They often focus on the hardware lifecycle and ignore the identity lifecycle. The real control question is who is authorised at the moment of use, how that access is revoked, and whether the system can prove it. Without that, lost devices and open sessions become governance failures, not just asset issues.
Why This Matters for Security Teams
Shared-device programmes are often treated as an endpoint hygiene problem, but the real exposure is identity reuse. When multiple people sign into the same phone, tablet, kiosk, or workstation, the device becomes a container for sessions, tokens, and cached access decisions. That means a clean asset inventory can still leave active access behind, especially where offboarding is slow or access is granted outside formal IAM workflows. NHI Management Group notes that only 20% of organisations have formal processes for offboarding and revoking API keys, which is a warning sign for any environment where access is handed from one person to another.
Security teams also tend to over-trust the device boundary. If the shared device can keep sessions alive, remember credentials, or bypass step-up checks, then “shared” becomes “persistently authorised.” That creates audit problems, incident response gaps, and compliance risk because the organisation may not be able to prove who acted at a specific moment. This aligns with the broader identity lifecycle issues described in the Ultimate Guide to NHIs and with the control emphasis in NIST Cybersecurity Framework 2.0.

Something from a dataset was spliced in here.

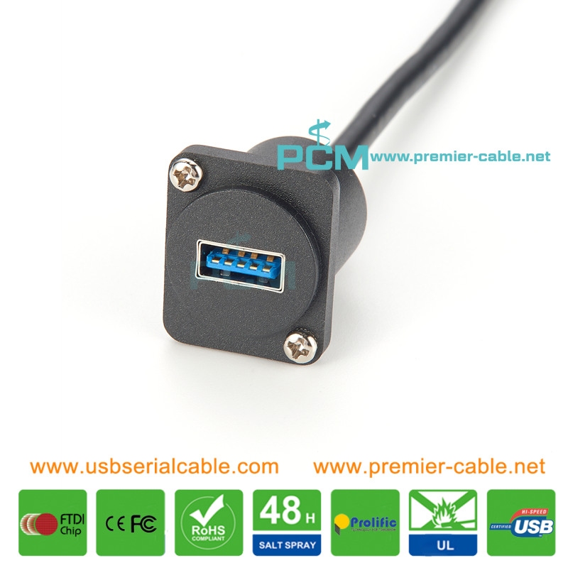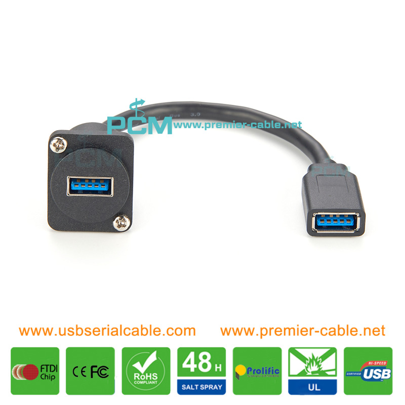 D Type USB3.0 Female to Female Screwing Flush Mount Cable
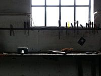 Het gereedschap is neergelegd, de werkbank heeft sporen van arbeid, het raam geeft zicht en licht op het werk.

In practice, many security teams discover shared-device abuse only after a session hijack, disputed transaction, or failed investigation has already exposed the weak handoff process.
How It Works in Practice
A defensible shared-device programme starts with identity at the moment of use, not with the physical device. Each user should authenticate separately, receive access appropriate to the task, and leave behind nothing that can be reused by the next person. That usually means short-lived sessions, rapid logout, device lock on inactivity, and strong revocation on role change, shift change, or exit. Where possible, session binding should be tied to a specific user and a specific context, so the device cannot silently inherit authority from the previous user.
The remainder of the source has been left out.